>>>
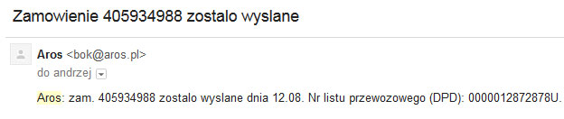 Kolejnym miłym zaskoczeniem był termin realizacji. Zamówienie złożone o 6 rano a już o godzinie 18 tego samego dnia przyszła informacja o zmianie statusu zamówienia na wysłane. Wiadomość e-mail z ta informacją była delikatnie mówiąc krótka, ale rzeczowa 🙂
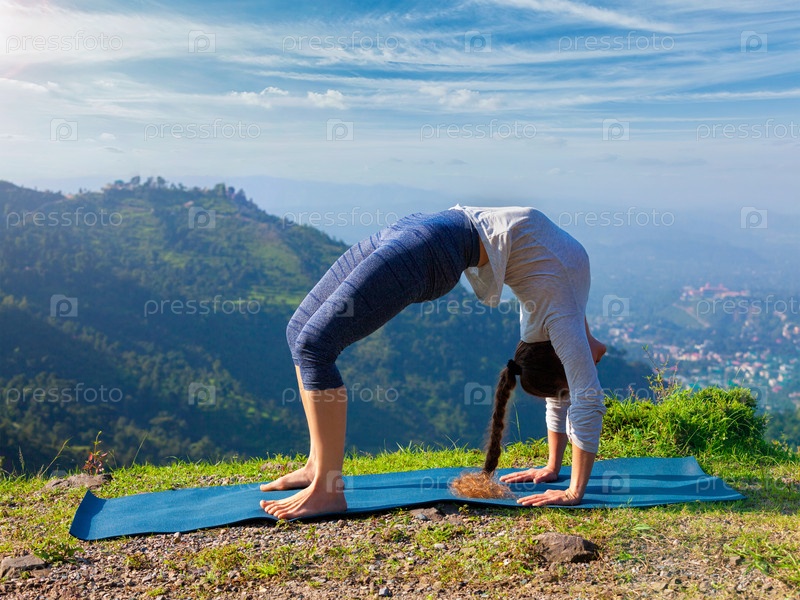 Женщина, занимающаяся Ашьябо Виньяс Йогой в деревне Урдхва Дунурана под открытым небом
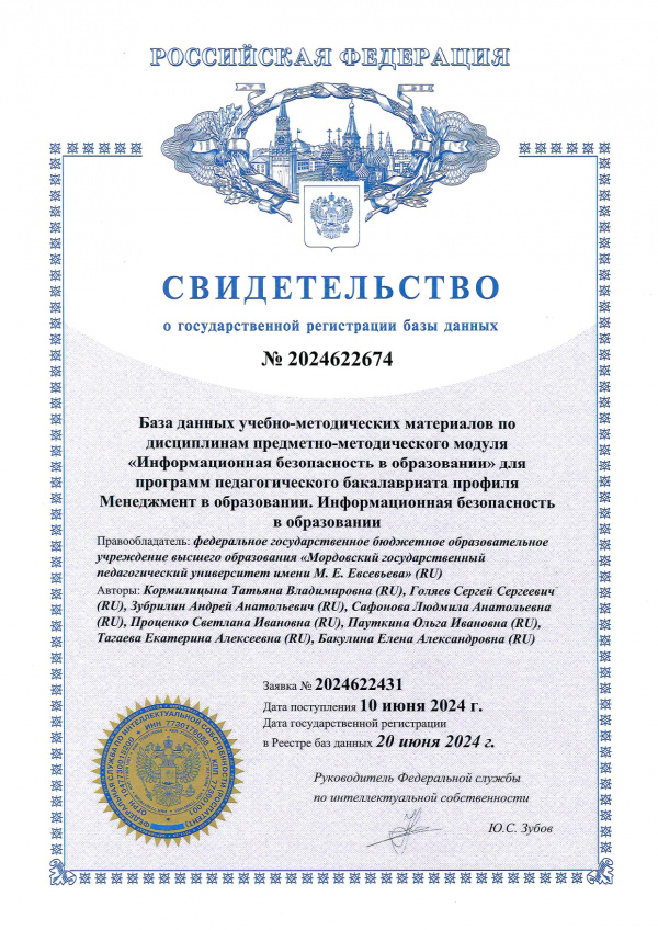 База данных учебно-методических материалов по дисциплинам предметно-методического модуля «Информационная безопасность в образовании» для программ педагогического бакалавриата профиля Менеджмент в образовании. Информационная безопасность в образовании Кормилицына Т.В.
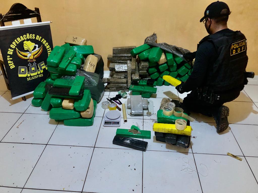 Dourados (MS), 31 de agosto – Policiais Militares do Departamento de Operações de Fronteira (DOF) apreenderam, na noite desta segunda-feira, 150 quilos de maconha e 2,2 quilos de cocaína. A ação ocorreu em virtude da Operação Hórus, parceria da
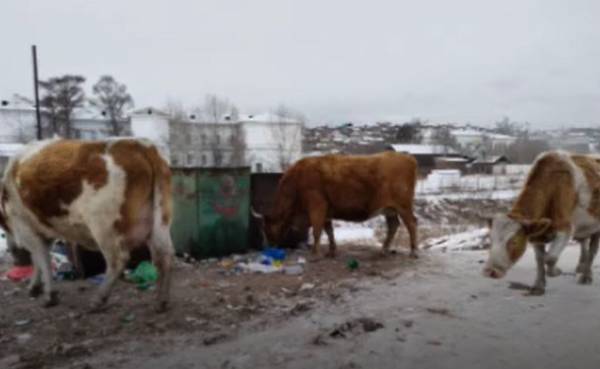 Накануне представители регионального отделения Народного фронта поделились в своём официальном telegram-канале видео, сделанным в Кяхте. На кадрах – коровы, которые поглощают лежащие у мусорных баков отходы и объедки.
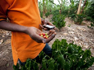 乌干达的一个农民,利用手机查询国际咖啡价格。 Photograph by Trevor Snapp, Bl...
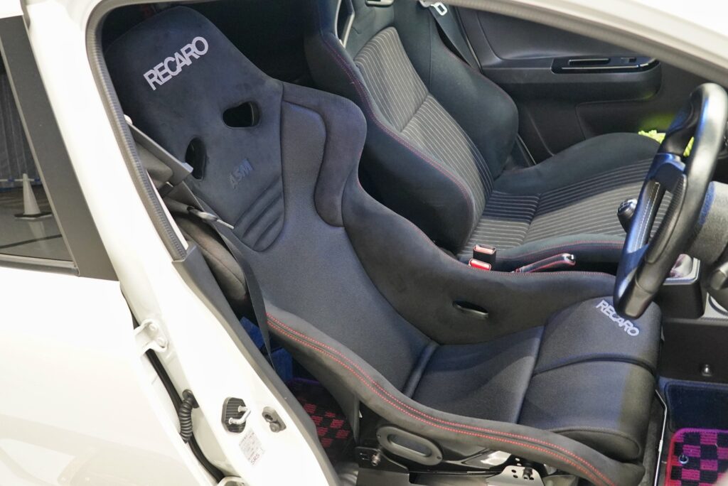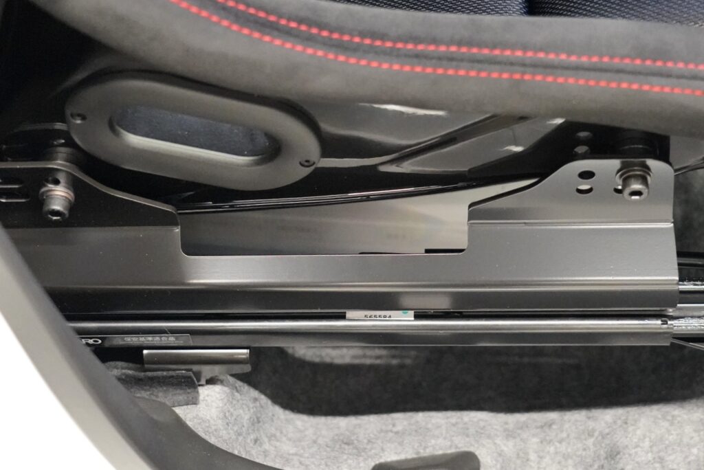 シート幅540mmのRS-Gをオフセット調整してBピラーへの干渉を極力無くすことが可能となります。ワークスは純正RECAROが標準装備となりますが、その中で最もオーナー様より声が上がる着座位置の高さとホールド性。
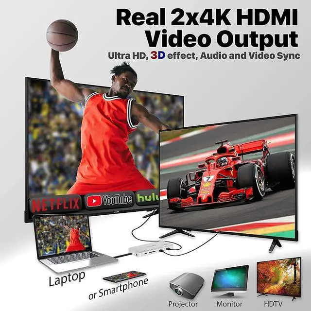 TRIPLE SCREEN & CRYSTAL CLEAR HDMI OUTPUT: Start streaming the highest resolution videos and shows via 2x 4K HDMI port to HDMI-enabled devices with resolutions up to 4K/30Hz and 1920 x 1080 (1080p)/60 Hz. Downward compatibility is supported with 1440p/1080p/720p/480p/360p resolutions. You can mirror/extend your screen to external devices and enjoy crisp, clear, and colorful imager Now NOV8Tech 13-in-1 USB C Hub SUPPORTS DUAL HDMI for the new M1 MacBook Air & Pro.
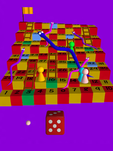 You can move the board around to look at it from different angles. This fantastic 3D board has 3D snakes and ladders on it. It makes much more sense than a flat board!
<<<
→ **Aim of the task**: Output each line above exactly as it stands, omitting the pictures.

→ **Solution below**:
 Kolejnym miłym zaskoczeniem był termin realizacji. Zamówienie złożone o 6 rano a już o godzinie 18 tego samego dnia przyszła informacja o zmianie statusu zamówienia na wysłane. Wiadomość e-mail z ta informacją była delikatnie mówiąc krótka, ale rzeczowa 🙂
 Женщина, занимающаяся Ашьябо Виньяс Йогой в деревне Урдхва Дунурана под открытым небом
 База данных учебно-методических материалов по дисциплинам предметно-методического модуля «Информационная безопасность в образовании» для программ педагогического бакалавриата профиля Менеджмент в образовании. Информационная безопасность в образовании Кормилицына Т.В.
 Dourados (MS), 31 de agosto – Policiais Militares do Departamento de Operações de Fronteira (DOF) apreenderam, na noite desta segunda-feira, 150 quilos de maconha e 2,2 quilos de cocaína. A ação ocorreu em virtude da Operação Hórus, parceria da
 Накануне представители регионального отделения Народного фронта поделились в своём официальном telegram-канале видео, сделанным в Кяхте. На кадрах – коровы, которые поглощают лежащие у мусорных баков отходы и объедки.
 乌干达的一个农民,利用手机查询国际咖啡价格。 Photograph by Trevor Snapp, Bl...
 シート幅540mmのRS-Gをオフセット調整してBピラーへの干渉を極力無くすことが可能となります。ワークスは純正RECAROが標準装備となりますが、その中で最もオーナー様より声が上がる着座位置の高さとホールド性。
 TRIPLE SCREEN & CRYSTAL CLEAR HDMI OUTPUT: Start streaming the highest resolution videos and shows via 2x 4K HDMI port to HDMI-enabled devices with resolutions up to 4K/30Hz and 1920 x 1080 (1080p)/60 Hz. Downward compatibility is supported with 1440p/1080p/720p/480p/360p resolutions. You can mirror/extend your screen to external devices and enjoy crisp, clear, and colorful imager Now NOV8Tech 13-in-1 USB C Hub SUPPORTS DUAL HDMI for the new M1 MacBook Air & Pro.
 You can move the board around to look at it from different angles. This fantastic 3D board has 3D snakes and ladders on it. It makes much more sense than a flat board!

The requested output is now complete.